Workunit error - check skipped


Advanced search

Message boards : SZTAKI Desktop Grid : Workunit error - check skipped

AuthorMessage
Chris Kojiro
Send message
Joined: Apr 21 06
Posts: 9
Credit: 2,204,258
RAC: 474
Message 4549 - Posted 31 Oct 2006 19:08:23 UTC

    Last modified: 31 Oct 2006 19:15:20 UTC

    Workunit error - check skipped

    What does it mean?

    See:
    http://szdg.lpds.sztaki.hu/szdg/result.php?resultid=90609

    There was a post in the \"old\" message board with a similar title, but I couldn\'t deduce a coherent answer from the posted responses. Maybe I\'m just over thinking. But after 6.5 days of processiing you have to question the results, or lack of.

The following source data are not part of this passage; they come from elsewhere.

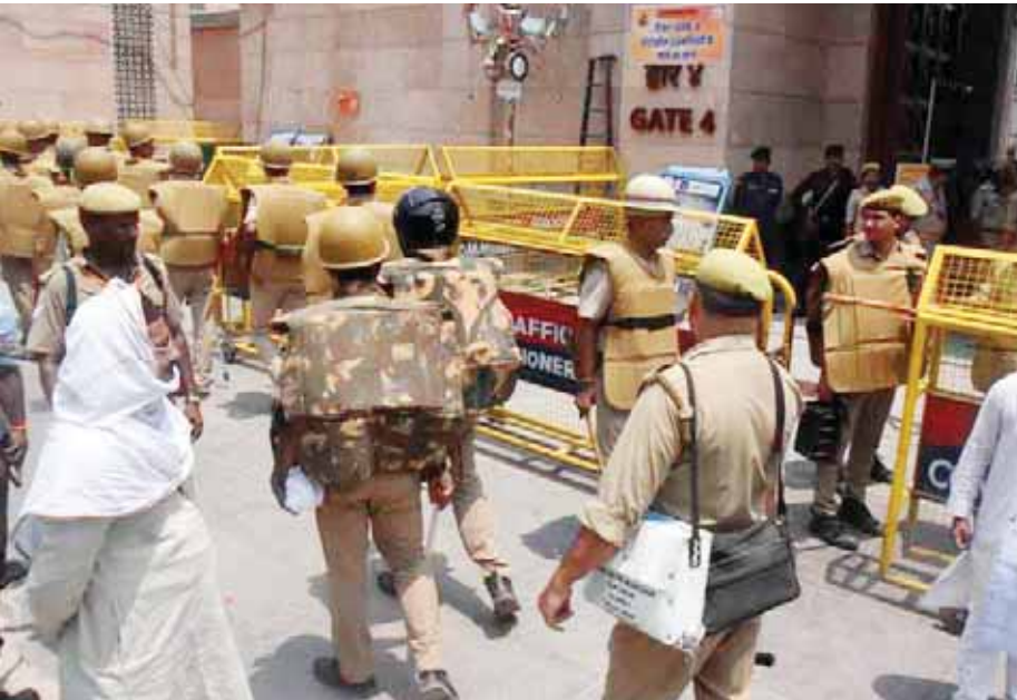
Tight security for Friday prayers at Gyanvapi mosque in Varanasi.

Amidst tight security arrangements, yet another Friday namaz at Gyanvapi mosque passed off peacefully in this holy city. It was the third Friday prayers since Kanpur violence over the controversial statement of suspended Bhartiya Janata Party (BJP) spokesperson Nupur Sharma when the district administration and Varanasi police commissionerate had made elaborate security arrangements not only at gate No 4, the entry point of Kashi Vishwanath Mandir and Gyanvapi Masjid but also in all the adjoining sensitive areas. Actually, in the city the local administration is facing a tough challenge for about seven weeks since the survey was done in Gyanvapi mosque on the instructions of the court. The matter became more sensitive when a section of pro-Hindutva forces intensified their movement demanding regular prayers of Adi Vishweshwar which was claimed to be found during the survey led by advocate commissioner in Gyanvapi mosque. In wake of such prevailing circumstances, the maintenance of law and order situations in this parliamentary constituency of Prime Minister Narendra Modi is a big challenge for the administration. It was the reason why right from the morning, heavy police forces were deployed both outside and inside the newly-constructed Shri Kashi Vishwanath Dham (Corridor)
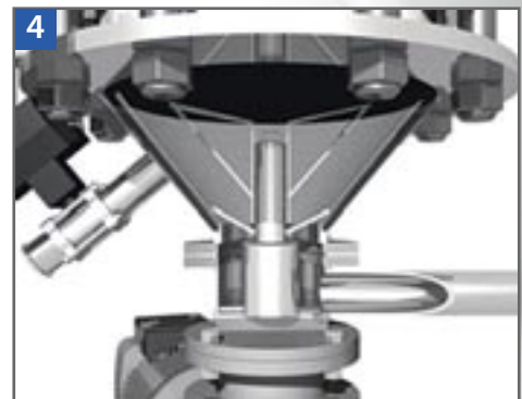
4 Fluidization Hopper with lump breaker

The hopper is equipped with a fluidization cone constructed of a special porous material. The product flow of sticky or non free-flowing powders is optimized by compressed gas which flows through the pores of the cone. Inert gas can be used in case of flammable products.
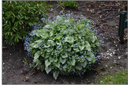
Sea Heart Bugloss in bloom

Sea Heart Bugloss is a fine choice for the garden, but it is also a good selection for planting in outdoor pots and containers. It is often used as a 'filler' in the 'spiller-thriller-filler' container combination, providing a mass of flowers and foliage against which the thriller plants stand out. Note that when growing plants in outdoor containers and baskets, they may require more frequent waterings than they would in the yard or garden.
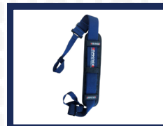
6. Strap attachment

And this is not the first one of these, just the first time I\'m posting.

    I think this is very interesting science, but whats going on with the application?

    larry1186
    Send message
    Joined: Sep 25 06
    Posts: 37
    Credit: 18,502
    RAC: 0
    Message 4550 - Posted 31 Oct 2006 19:25:26 UTC

      Check the WU.

      errors - Too many total results

      ____________
      Don't get distracted by shiny objects.

      robert.mouris
      Send message
      Joined: Nov 3 05
      Posts: 129
      Credit: 4,124,189
      RAC: 0
      Message 4551 - Posted 31 Oct 2006 19:33:31 UTC - in response to Message 4550.

        Last modified: 31 Oct 2006 19:34:56 UTC

        errors - Too many total results

        I think that the choice of \"max # of error/total/success results 5, 8, 5\" is too low, or that the number of errors contains errors that aren\'t any. In my opinion a WU shouldn\'t be considered erroneous if the cruncher doesn\'t reply within the deadline or aborts the WU deliberately (OK if the WU is really stuck, but not if the user is bored or impatient or got too many WUs...) But this is probably a BOINC feature which SZTAKI can\'t change. In that case the accepted numbers (5, 8, 5) should be higher.
        ____________

        larry1186
        Send message
        Joined: Sep 25 06
        Posts: 37
        Credit: 18,502
        RAC: 0
        Message 4553 - Posted 31 Oct 2006 20:30:52 UTC - in response to Message 4551.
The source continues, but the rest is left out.